The Electron transport system makes energy efficiently, but dangerously, because if it is overloaded or backed up, it produces an excess of free radicals that require the system to adjust. The system adjusts by shifting its metabolic pathways (inefficient, but safe). Glycolysis, which is the most ancient form of energy production, is used.
In contrast, cells get their energy by burning fat, also known as the autophagy or beta oxidation. Under these conditions, the cells are recycling their damaged components. In fact, the components that were typically damaged when energy was being produced efficiently via the electron transport system. Undifferentiated cells are not doing very much and hence can get away with inefficient energy production. Embryonic stem cells burn fat and hence safely produce energy, which they are doing in a minimalist fashion because they’re basically hanging out, waiting to do something. Cells undergoing the E.M.T. Transition have started to make energy more efficiently and therefore are more able to carry out differentiated functions. They balance between using an electron transport system, but significantly get their energy from aerobic glycolysis as well as glutamine analysis.

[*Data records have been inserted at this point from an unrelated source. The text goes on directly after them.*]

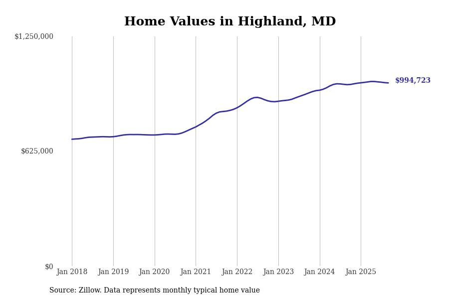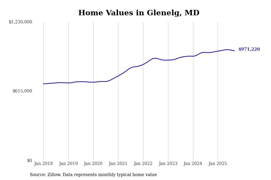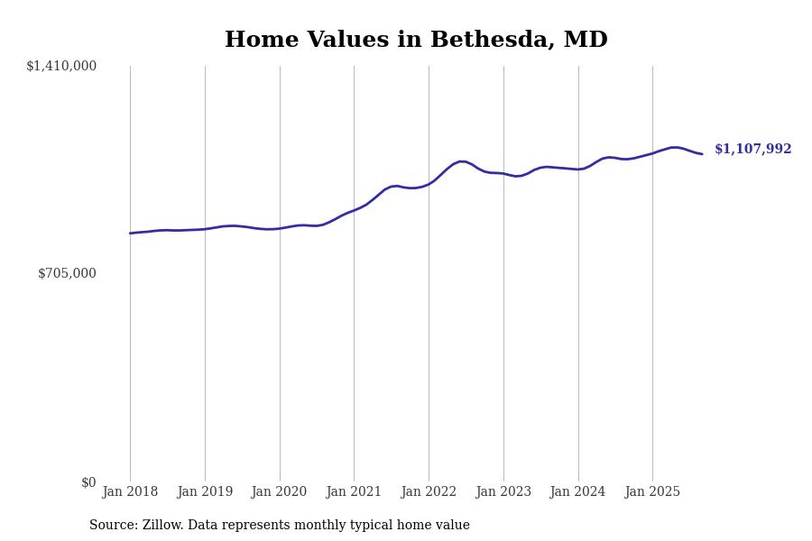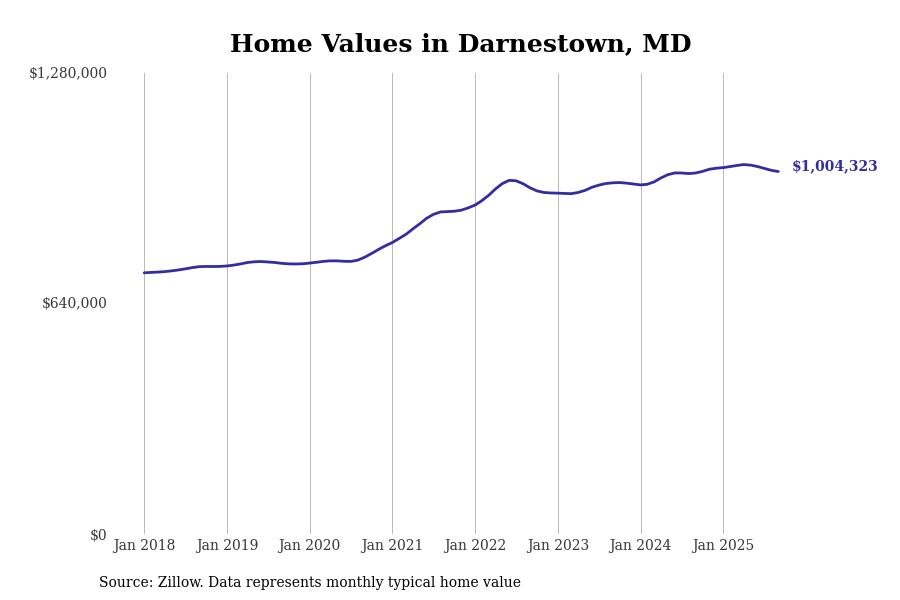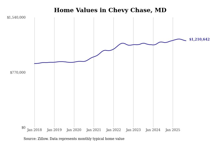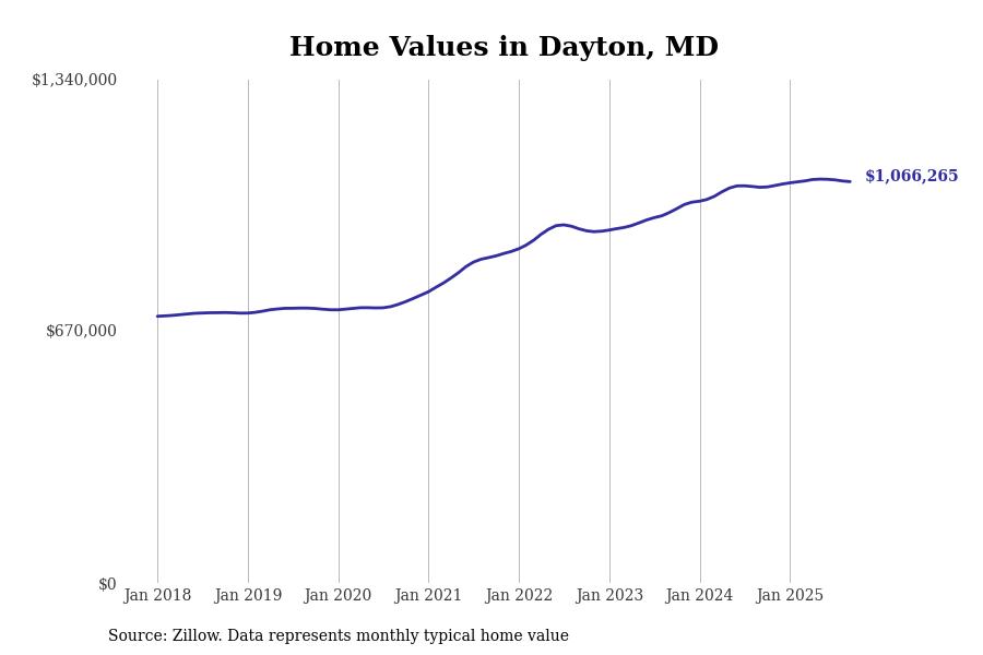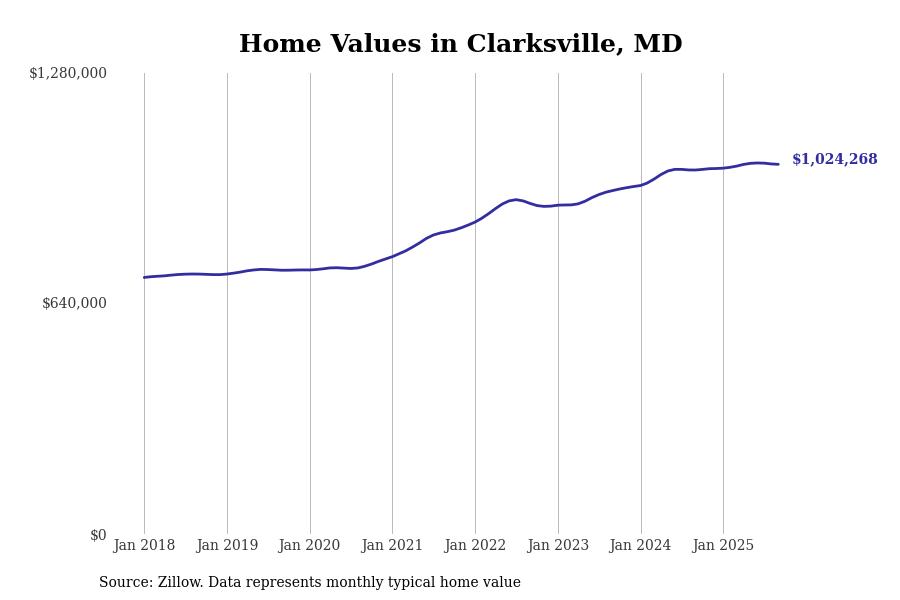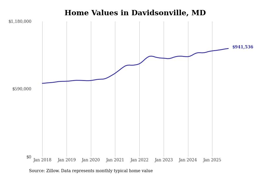 Stacker compiled a list of cities with the most expensive homes in Maryland using data from Zillow. Cities are ranked by the Zillow Home Values Index for all homes as of September 2025. The charts in this story were created automatically using Matplotlib.
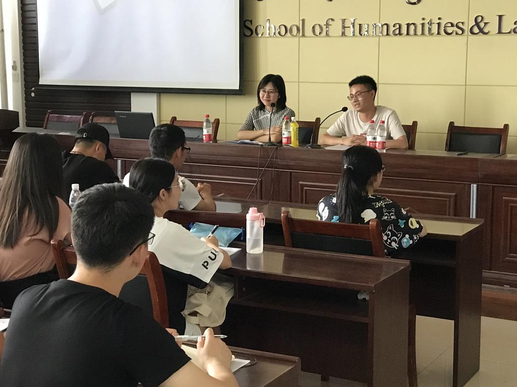 公司邀请于颖、付励恒两位优秀员工代表回母校做汇报交流活动。于颖,2011级思想政治教育专业本科生,现为中山大学suncitygroup太阳新城马克思主义基本原理专业博士研究生。付励恒,2014级思想政治教育专业本科生,现为江西师范大学法律硕士研究生。
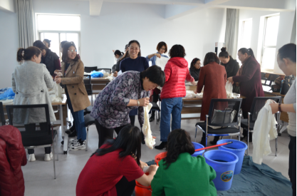 活动开始,指导老师详细介绍了扎染这一中国民间传统手工染色工艺并讲解了扎染丝巾的制作步骤和工艺方法。活动现场十分热闹,大家相互帮忙,在欢声笑语中制作着属于自己的丝巾。女教职工们以饱满的热情投入到扎染活动中,创意十足,成功染出了风格不同的丝巾和手帕,十分好看。
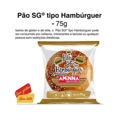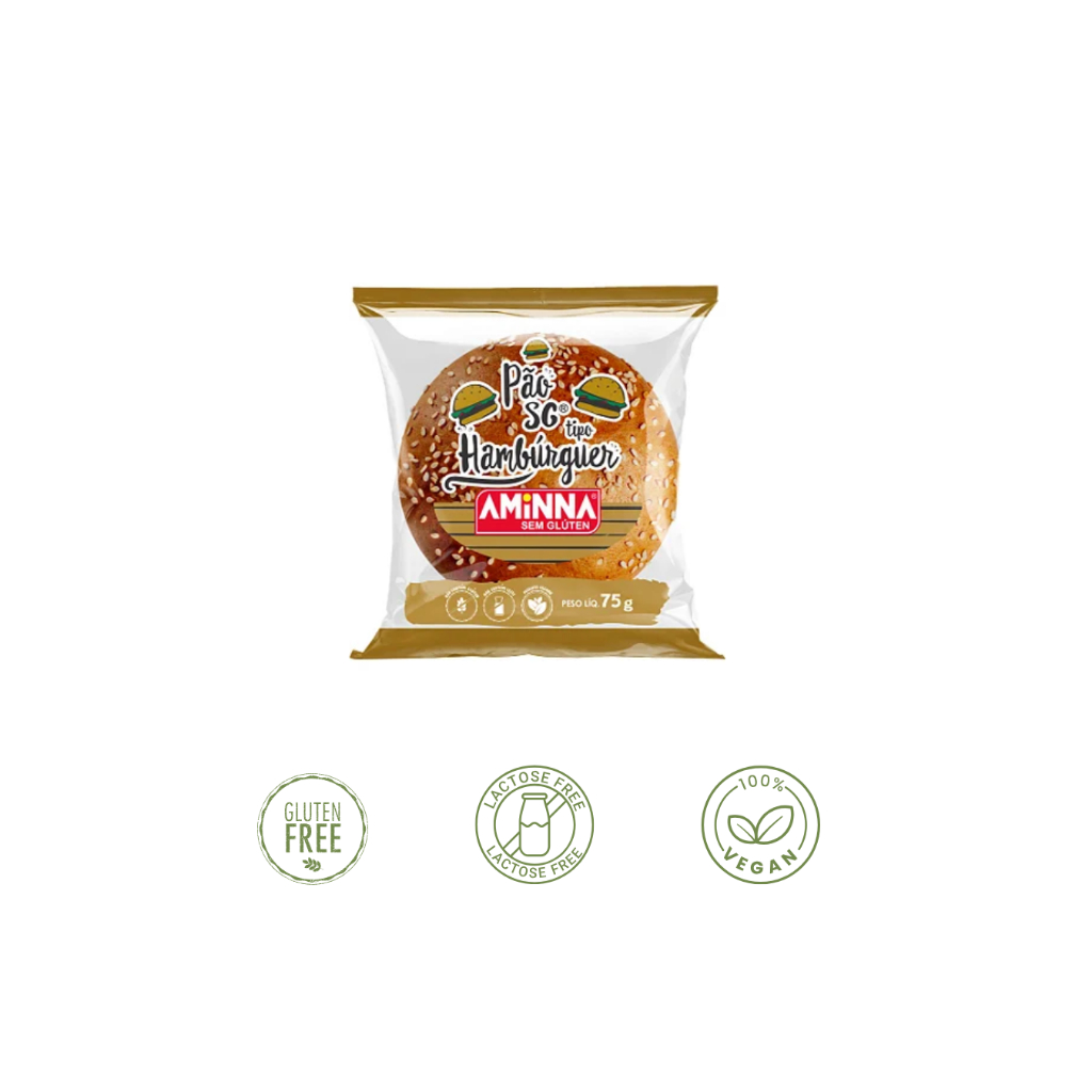 PÃO DE HAMBÚRGUER, SEM GLÚTEN, SEM LEITE 75G CADA - AMINNA
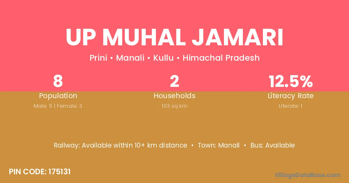Up Muhal Jamari village has a total population of 8 people, of which 5 are males and 3 are females.
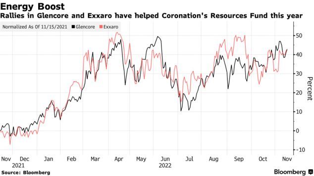 俄乌战争爆发后,煤炭等大宗商品价格飙升,推升了嘉能可和南非矿业公司Exxaro Resources的股价,而它们正是Coronation Resources Fund主要持有的股票。总部位于南非开普敦的Coronation Fund Managers目前管理着约5740亿兰特(330亿美元)的资产。

Cells that have made the transition are now mobile, and can seek out the happy home where they can differentiate to perform their essential functions. Differentiated cells prefer to make energy efficiently. However, any impairment in the flow can typically result in the reduction of increased levels of free radicals, which have the ability to damage all cellular constituents.
All living entities are constantly producing free radicals that must be kept in an appropriate balance. They’re important signaling agents so they tell the cells how to adapt. However, when an excess is produced, cells can be trapped in inappropriate metabolic states with the associated excess free radical production that ultimately leads to the genetic changes that satisfy the survival needs of a cell that’s under stress. Cancer cells are under constant metabolic stress and hence they choose the pathways that minimize excess free radical production, which includes glycolysis.
However, ultimately, if a cell is continuously stressed, it may select for the ability to burn fat. Under which conditions the cell basically isolates itself from its environment and focuses on survival, which it does by repairing the damages that were caused by burning energy efficiently. The de-differentiated cancer cells that are burning fat do not amplify imbalances in the same way that a carbohydrate metabolizing cell could, in other words, apoptosis, this is not induced. Hence, it’s very difficult to kill these cells, and extra means are necessary to overload them with free radicals. So in addition to metabolic manipulation, intravenous treatment with high doses of vitamin C, which interacts with iron in the blood via a well-known reaction produces hydroxyl radicals, which might then help overload the cell, which can typically cause these resistant cancer cells to die via necrosis as opposed to apoptosis.